The Policing of Black Hair in Our Schools: Policy or Prejudice?


 

-by Bhavna Ramji and Tim Fish Hodgson

In August 2016, Black learners at Pretoria High School for Girls organised a protest against school authorities preventing them from wearing their hair in Afros.

Public discussion on the topic has been heated, and in some cases, entirely misinformed.

Radio host John Robbie, for example, took it upon himself to give a learner a lecture on the importance of “rules”, all the while offensively ignoring and condescending to her patient explanations of the lived experiences of girls at the school. Others have questioned whether Afros may prevent other children from seeing the blackboard. Little, if anything has been said about the content of the school’s rules, education policy and national law, which in fact vindicate the girls.

What is the basis of the girls’ complaints?

The girls’ major complaint is that school policy on “hairstyles” was being misused to prevent Black, and particularly African, learners from wearing their hair in Afros, bantu knots, dreadlocks, and corn rows.

Natural hairstyles came under attack by the school’s almost entirely white staff body in many ways, ranging from threats to learners’ education to crude insults and racial slurs:  Black learners at the school had been told they would not be able to write exams if they didn’t “fix” their hair, that “[your hair] looks like a bird’s nest”, that “[your dreadlocks are] dirty old braids”.

In one case, two teachers referred to a learner as having “k****r hair”, which, alone should be grounds for the teachers’ dismissal. The Eastern Cape High Court, Mthatha, has recently concluded that the k-word itself is “an inescapably racial slur which is disparaging, derogatory and contemptuous of the person of whom it is used or to whom it is directed” and therefore constitutes hate speech. It directed the utterer of this word to pay the victim R100 000 in damages.

What is perhaps most remarkable about these stories is how unremarkable they remain a full 20 years after the adoption of South Africa’s Constitution and a legal framework which seeks to prohibit and ultimately eradicate racism. They endure too, not only in majority white schools, but also in schooling environments where significant proportions of children are Black.

Empowered by the bravery of the girls of Pretoria High School for Girls, a growing number of Black learners in former white private and public schools across the country have since openly challenged the discrimination that they face at their schools. Past pupils from these schools have also confirmed their similar experiences.

What has, however, surprisingly, often escaped scrutiny in the present debate is the apparent claim that Black learners are merely victims of backward school policies. The issue is not that simple, and, we suggest, has its ultimate roots in the insidious racism that still simmers on the surface of public discourse throughout South Africa.

Policy or Prejudice?

In many cases, learners experiencing this kind of treatment are not dealing with obsolete or racist policy. Instead they are the victims of racist micro-aggressions perpetrated by majority white teachers who continue to dominate school authority structures.
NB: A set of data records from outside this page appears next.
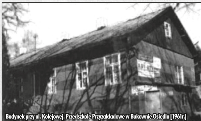
Budynek przy ul. Kolejowej. Przedszkole Przyzakładowe w Bukownie Osiedlu [1961r.]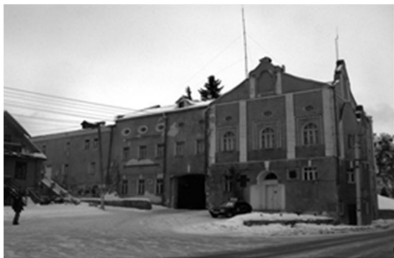
Рис. 2.3.Кременецький краєзнавчий музей[4].

Кременецький краєзнавчий музей – науковий культурно-освітній заклад у місті Кременець Тернопільської області (Див.: Рис. 2.3).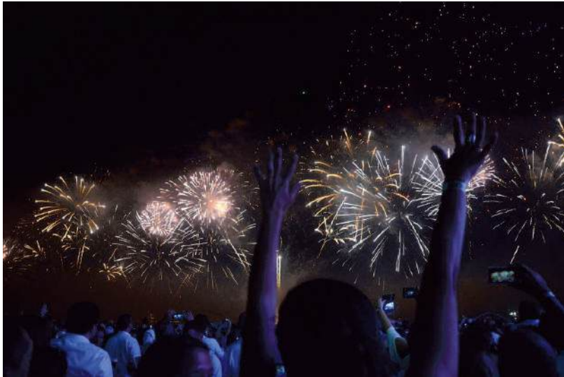
Poços de Caldas terá um show de som, luzes e brilho na chegada de do ano de 2020

A virada do ano em Poços vai ter várias atrações musicais a partir das 18h30 no dia 31 na Praça Pedro Sanches. Mais uma vez, haverá queima silenciosa de fogos de artifício. O evento

Pretoria High School for Girls is a case in point.

Contrary to one widespread public perception, the uniform policy of Pretoria High School for Girls does not in fact prevent learners from wearing Afros. Despite being a very specific document which regulates the minutiae of learners’ conduct including “shoelaces must be tied firmly with a bow” and “no crocodile, banana or other fancy clips are allowed”  the rules say nothing at all about Afros, bantu knots, dreadlocks or corn rows.

The rules simply require that “all hair must be brushed” and that “all styles should be conservative, neat and in keeping with the school uniform”.   These standards must also be understood in the context of the schools core values spelled out in the code of conduct which include “Ubuntu” and “equality and inclusivity”, which presumably suggests an interpretation of the rules that protects diverse bodies and appearances, particular ones that are markedly African.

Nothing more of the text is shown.